The recent Women’s Marches were organized not so much as protests for women’s rights as to promote and demand fulfillment of a particular progressive political agenda.  Abortion rights, it is argued, are no different from other women’s rights – equal opportunity, freedom from sexual abuse and intimidation, and freedom to choose from a variety of gender alternatives.  Abortion rights and women’s rights are smaller parts of a larger vision – one of inclusivity and identity with related causes.  Those who understand and promote women’s rights naturally turn to gay rights, environmental rights, and human rights.  Taken at its broadest, this political vision has as its foundation anti-capitalism, a socio-economic system which favors only the few, the privileged, and the fortunate.  It is no wonder, then, that conservative groups are excluded.  Marx again rears his head.

This is all understandable.  All social groups need cohesion, solidarity, and philosophical purity.  Marches always are exclusive and tend to marginalize those who do not espouse their principles and purpose.  Marchers want the same solidarity, the same camaraderie, and the same sisterhood. Marching is always done less for political purpose than for social coherence.
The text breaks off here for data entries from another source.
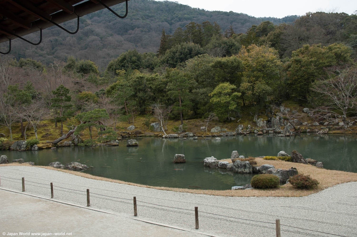 Le jardin paysager est un des plus anciens du Japon. Il garde la même forme que quand il a été conçu par Muso Soseki au XIVe sicèle. Il est connu comme étant le Jardin Sogenchi. Ce jardin permet aussi la promenade autour du bassin sogenchi avec ses carpes koi.
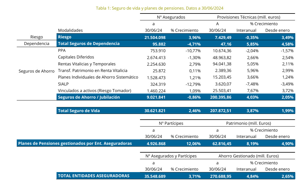 Esta cifra se ve mejorada tanto por los seguros de Vida -aunque cuenta con una ligera caída de Vida Riesgo- como por la parte de Planes de Pensiones que gestionan las entidades aseguradoras. En total, entre asegurados y partícipes, el seguro da servicio a 35,5 millones, un 3,7% más que en junio de 2023.
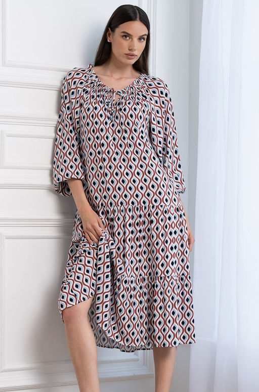 Туника Mia-Amore с рядами сосборенных воланов и рукавами-реглан, сосборенными на резинку по низу. Круглая горловина модели декорирована завязкой. Туника выполнена из принтованного вискозного полотна. Состав:100% вискоза
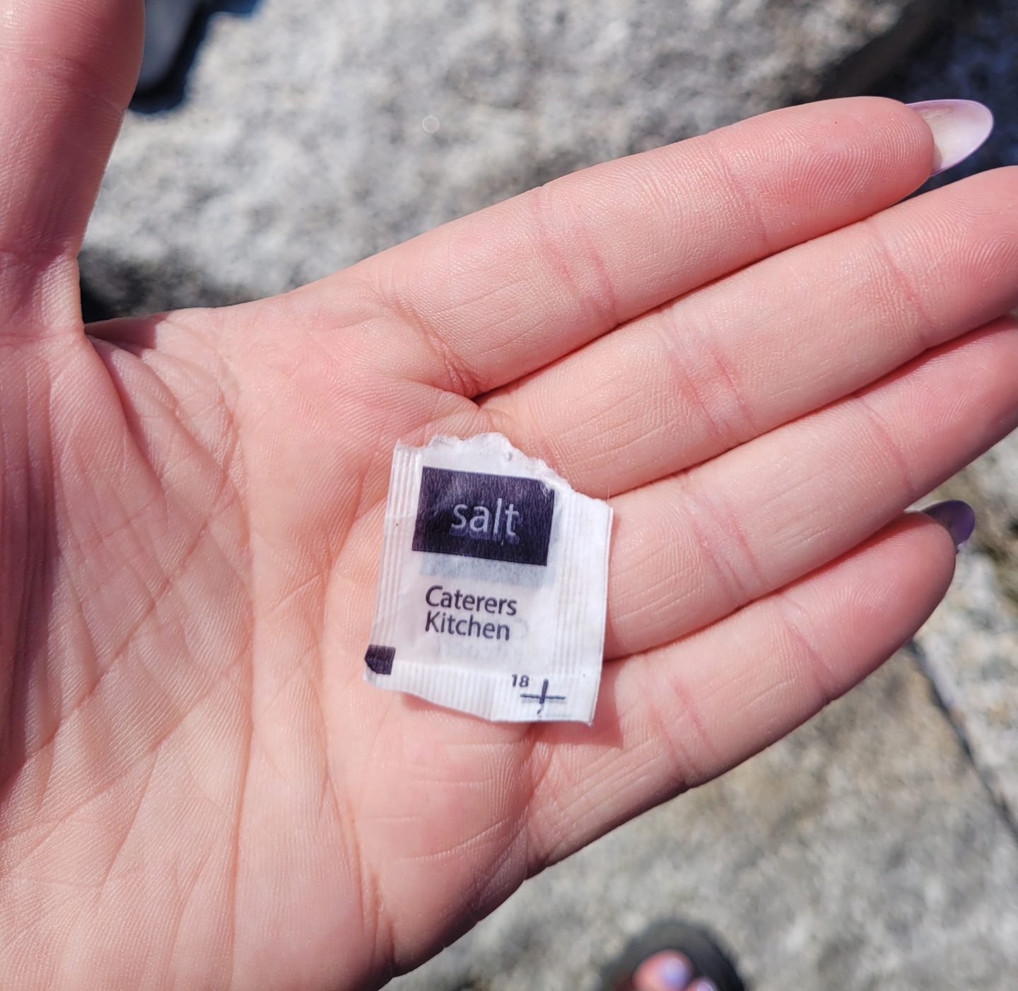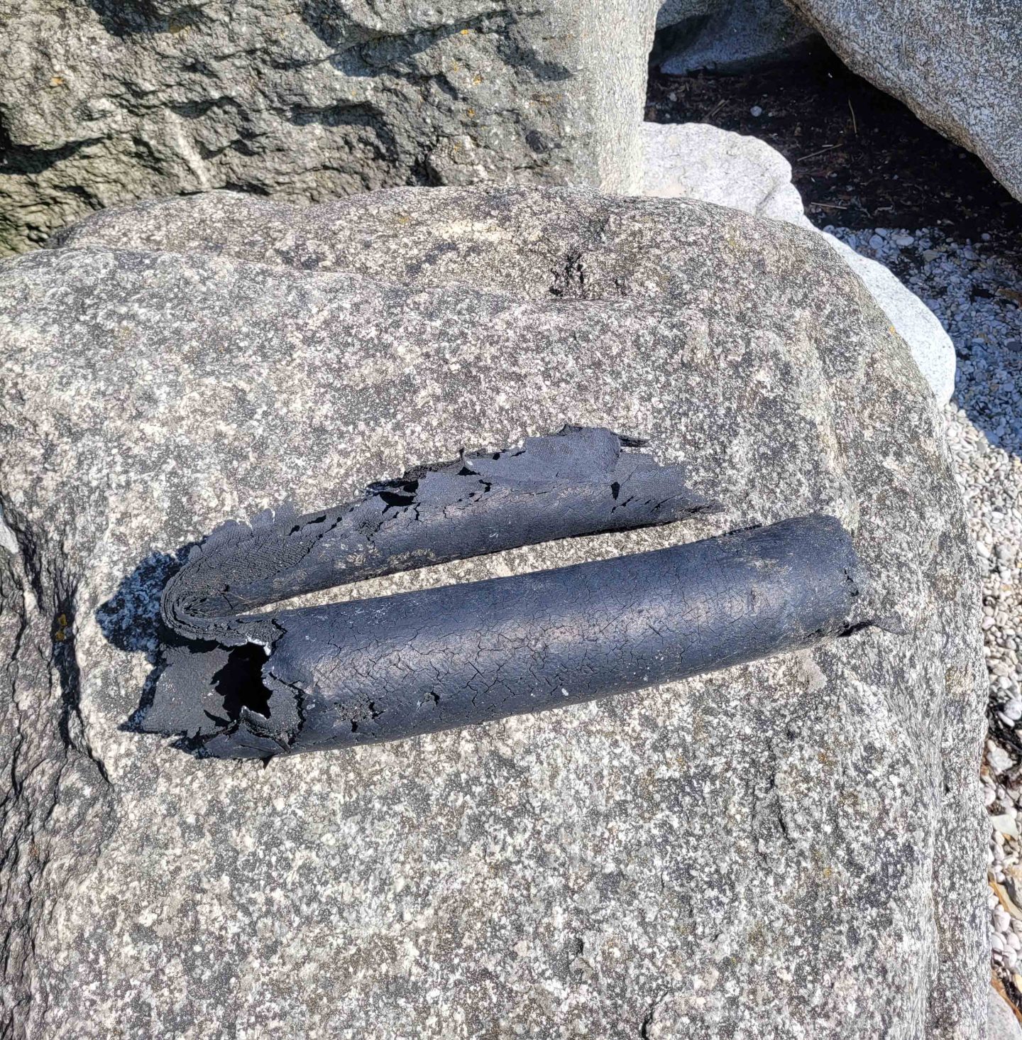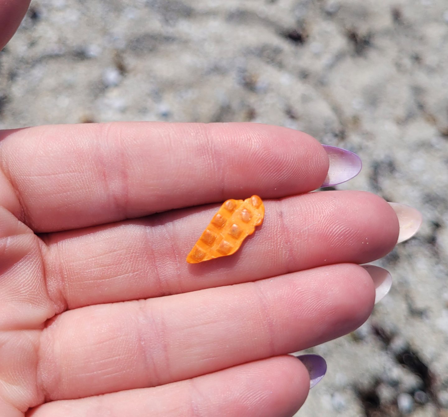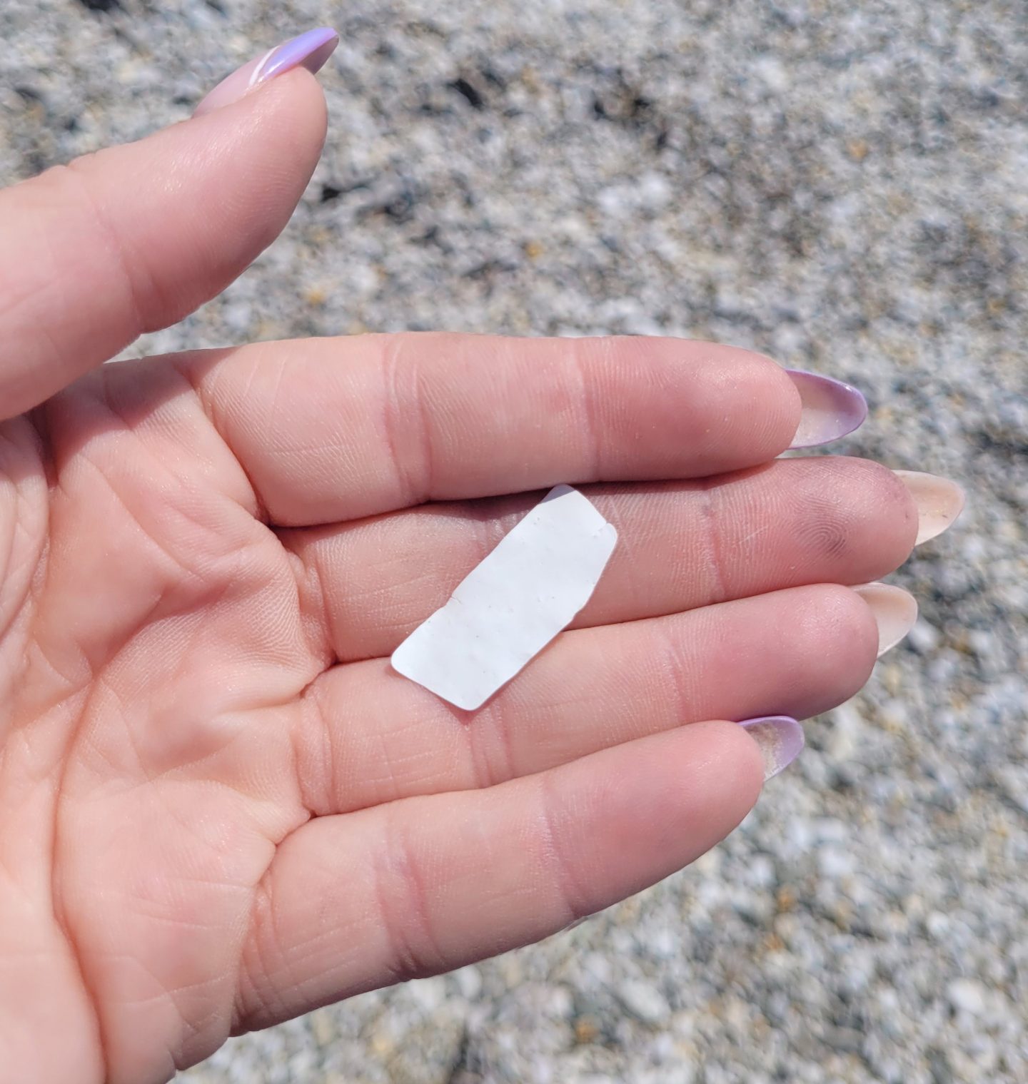 We found lots of light-weight plastic wrappers and microplastic pieces. We also found some more unusual items such as tangles of fishing nets, off cuts of wet suits, parts of surfboards, and lots of rubber bands.

More than most issues facing the American electorate, abortion is the most divisive.  Deciding it must necessarily include considerations of science, morality, ethics, justice, civil and individual rights, and religion – and since people rarely agree on any one of these factors, agreeing on all of them is almost impossible.  And given the nature of abortion – or more aptly put, the nature of life – compromise comes with difficulty if at all.